The enchanting Garo Yepremian — who joined the Lions in a midseason tryout in the 1960s — was part of the Miami Dolphins undefeated Super Bowl VII champions. He earned a ring — even if he darn near cost the Dolphins their perfect season by trying to throw a pass off a blocked field-goal attempt.

Errol Mann — with the Lions from 1969 to 1976 — kicked two field goals for the Oakland Raiders in their championship Super Bowl XI.

And Eddie Murray — the Lions' excellent kicker from 1980-91— kicked for the Cowboys in their Super Bow XXVII victory.

Before them, there was Jim O'Brien, who kicked the championship winner for the Baltimore Colts in Super Bowl V — and later became the Lions' kicker in 1973.

All these Super Bowl champion kickers plus Stenerud were vagabonds, traveling from club to club. Murray played for seven NFL teams, the Cowboys and Redskins twice.

Getting dumped and replaced seems to be part of the place-kicking culture.

It is doubtful whether Hanson will ever have such luck, being dumped by the Lions — and joining another team.

Pressure kicks

He is 42 now. He has played for the Lions for all 21 of his NFL seasons — half his life.

Yet through all the hollow seasons and those exceptions when the Lions made the playoffs — and then lost — Hanson has been the quintessential NFL kicker. He fit firmly into the prototype established by the affable Stenerud.

Hanson's contract expires after Sunday's game, ending another frustrating season of gloom and defeat. I presume the Lions will not try to wound themselves by giving Hanson the old-fashioned Detroit ziggy (Joe Schmidt's term for booting a guy out of town).

Place-kicker is one position the Lions have no need to change in any re-tooling for 2013. And interpreting Hanson's remarks to Detroit sports journalists late last week, he would be eager to play season No. 22.

"I have no skills other than this, so I better come back," Hanson said in Allen Park.

For certain, kickers are athletes, just different.

They practice separately, away from the guys on the team. Hanson has his own methods, even as he practices during games. He refines his mincing steps, his twists, his turns, his run up to the imaginary football.

All pro kickers have their special styles of preparedness. But what they can never practice for is the pressure placed on them by their teammates.

So often they are summoned with the clock down to three seconds and the team behind by two points. A 47-yard field goal translates into victory and a championship; a kick wide inches to the right translates into defeat and despair.

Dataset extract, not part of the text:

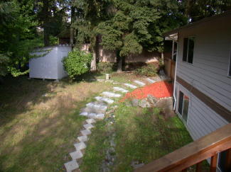 View of the Storage Shed and partial view of the back yard.
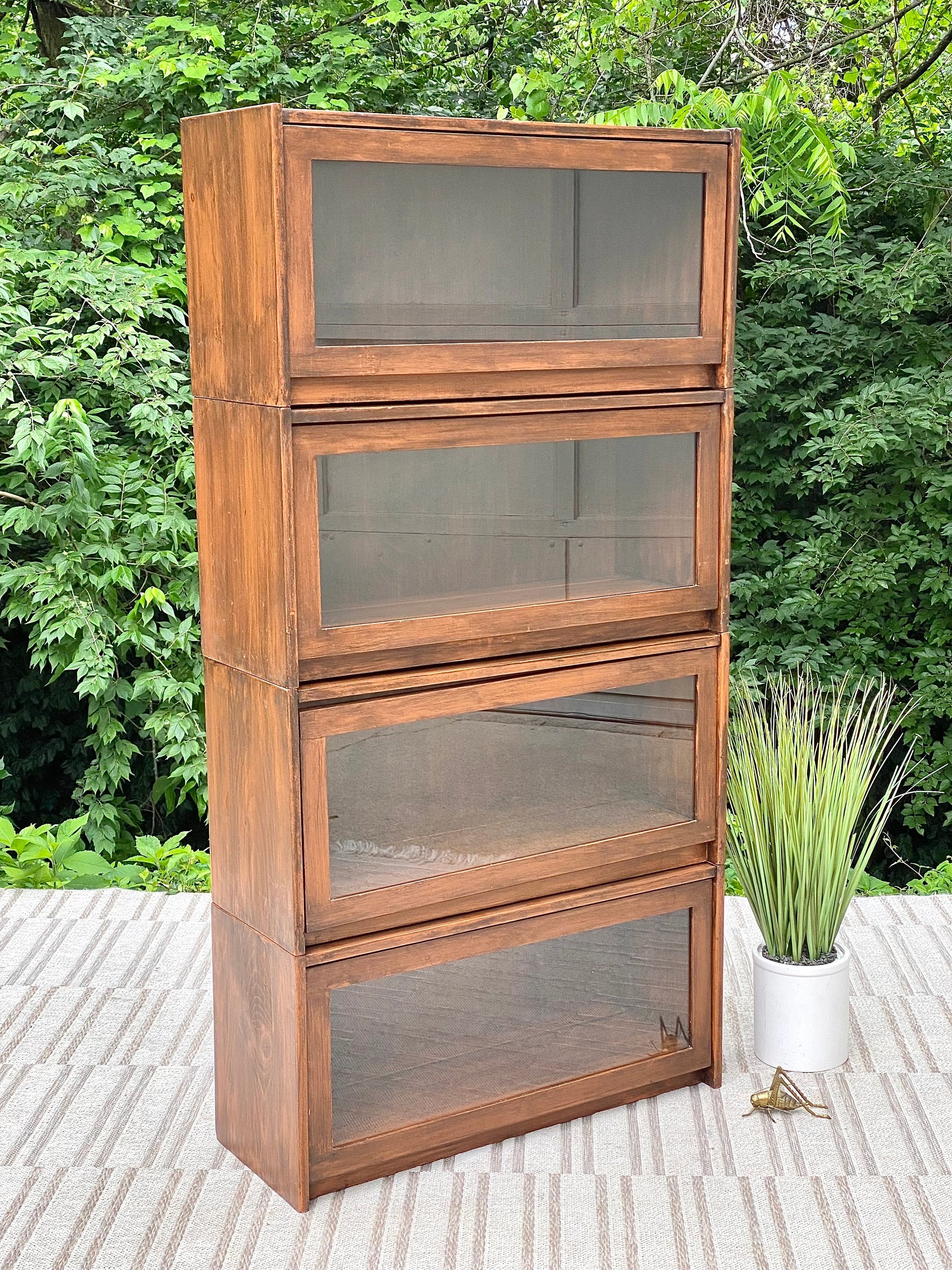 SOLD - Just arrived! 🪴🌱 We love this vintage four stack barrier bookcase. Glass sliding fronts with lots of storage and display. 66” x 34” x 12” Good condition

And the guy who misses by such a tiny margin is destined to be a goat for life. Even when his teammates should have advanced the ball 15 yards closer to the goalposts.

Not guilty

Scott Norwood, to me, remains a tragic innocent in the NFL's Super Bowl history. He entered Super Bowl XXV with eight seconds left. The Bills trailed by one point. They had the ball at the Giants' 29, the result of a drive at had started at Buffalo's 10. Jim Kelly had moved the Bills 61 yards in what seemed a rather carefree drive.

There had been ample opportunity to advance another 10 yards with better management of the clock and play calling. The Bills had burdened Norwood with a 47-yard field-goal attempt. Win or lose on this kick.

Then Norwood did his little practice routine. The Giants called the timeout to increase the tension.

Norwood's kick traveled far enough. But it veered to the right, not far outside the goalpost.

The Giants celebrated the first of the franchise's four Super Bowl victories. They have won two others on the skills of quarterback Eli Manning. This one they won 20-19 — because the other team gave a place-kicker a too tiny target — under the deepest pressure imaginable in professional sports.

Last week, ESPN and America rightfully went agog over Calvin Johnson's bashing of Jerry Rice's most precious pass receiving record. Less remarkable, it was a game that typified Jason Hanson's 21-season career. Johnson made history in spectacular fashion on a national stage. Hanson's contribution to NFL history? He kicked three field goals — and the Lions' lost to the Falcons, 31-18.

Just one more game in a career so powerful and productive that makes Hanson worthy of election to the Pro Football Hall of Fame.

Jerry Green is a retired Detroit News sportswriter.